Different Games and Their Winners
In the previous post, we built the engine: the Maximum Entropy framework. We established that the “best” probability distribution is the one that maximizes our uncertainty (entropy) subject to the constraints of what we actually know (energy, volume, etc.).
Up until now, however, we have kept the discussion abstract. We defined the rules of the game, but we haven’t played it yet.
In this final post, we put the framework to work. We will see that by changing the specific constraints (the rules) or the definition of entropy (the playing field), we can derive the most famous probability distributions in science. We will see how:
-
Constraining the mean gives us the Boltzmann distribution.
-
Constraining the variance gives us the Gaussian.
-
Moving from Shannon’s world (independence) to Tsallis’s world (correlation) generates the fat-tailed Power Laws that govern complex systems.
Up until now, I have been intentionally vague about the framework and avoided going into its full mathematical detail. This was deliberate: it helps to first see how widely applicable the framework is before we dive into the equations. In this post, we’ll start putting the framework to work. We’ll use it to derive several familiar probability distributions, roughly the way their original inventors might have reasoned about them.
This post is divided into the following sections:
- Macroscopic Observations / Constraints (Energy, Volume, etc.): Here we’ll talk about what we can actually measure in the real world—averages like energy, volume, number of particles, and so on—and how these become constraints on our probability distributions.

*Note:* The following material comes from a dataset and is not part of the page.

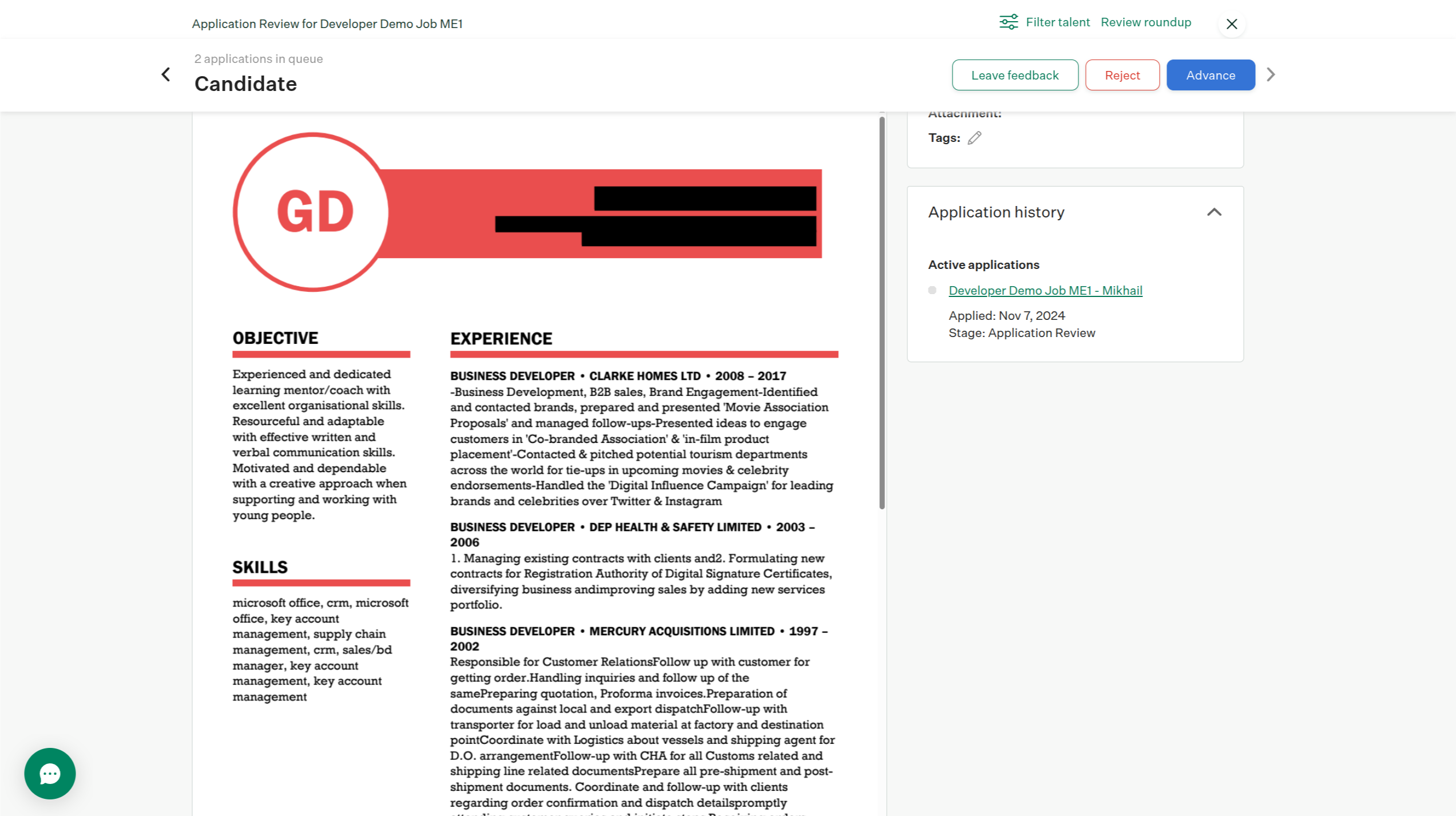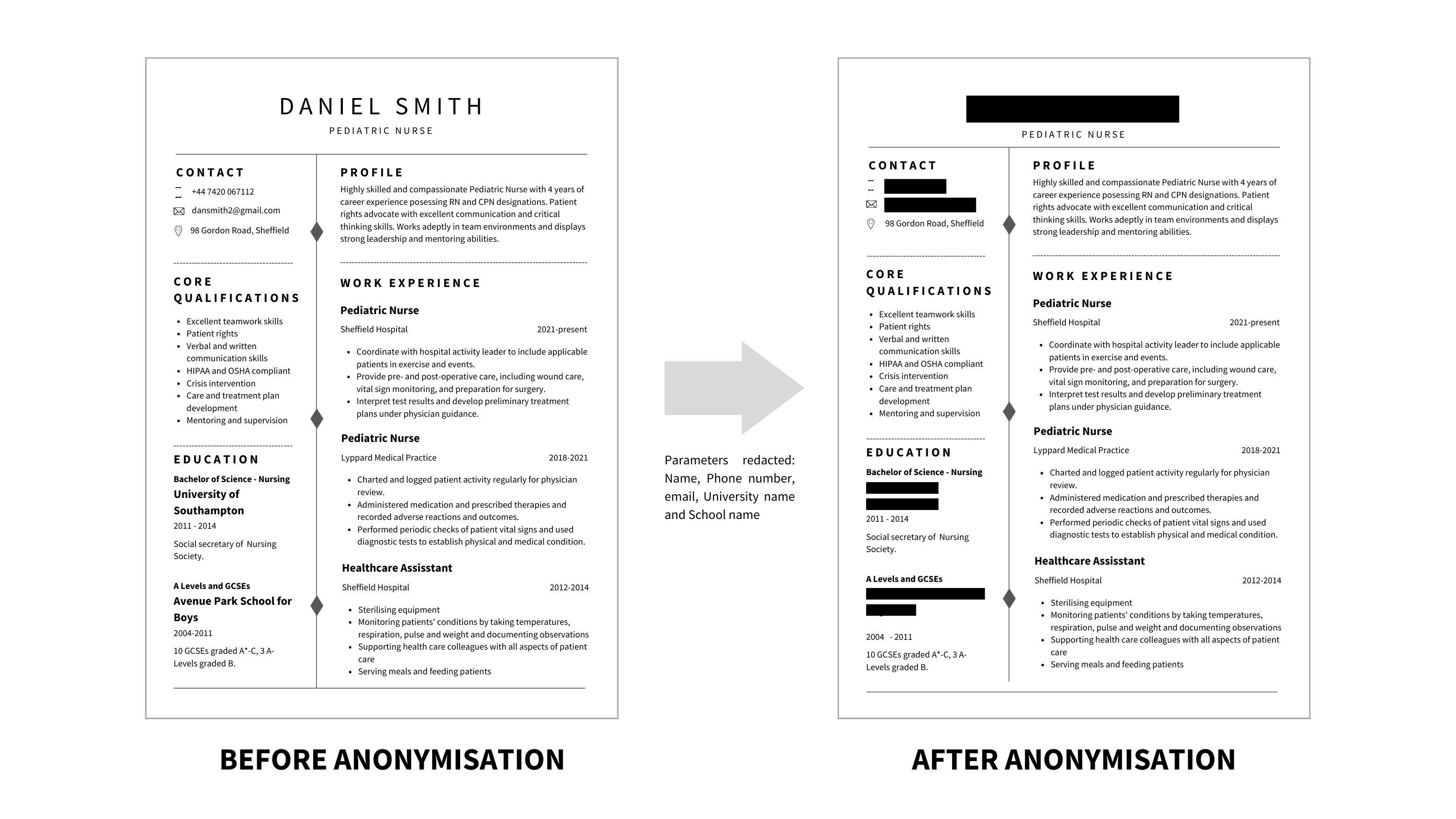 Industry-leading precision ensures that while personal details are removed, nothing important is lost. Every CV remains readable, relevant and ready for review.

- Microscopic States – Surprise and Entropy: In this section we move down to the level of individual configurations. We’ll define surprise and entropy, and see how different choices (Shannon vs. Tsallis) lead to different families of probability distributions.
Heavy derivations will be collected in the appendix, while the main text focuses on the key ideas and final results.
Syntactic vs. Semantic Information
In the worlds of Physics and Mathematics, “Information” is strictly defined as proportional to Surprise. A less likely event (more surprising) carries more information. To avoid any confusion with the daily use of the word “information”, we must distinguish between the Syntax of information and the Semantics of information.
1. Syntactic Information (The Quantity): This is the “Engineering” view (Shannon). It cares only about the bits (unit of information), not what they represent. Consider a screen displaying pure TV static (random white noise). Every single pixel is randomly generated and independent of the others. The pattern is completely unpredictable. To a physicist or a compression algorithm, TV static contains maximum information. It is incompressible; you cannot predict the next pixel, so you must transmit every single bit. It is “pure surprise”, thereby mathematically it has a lot of information.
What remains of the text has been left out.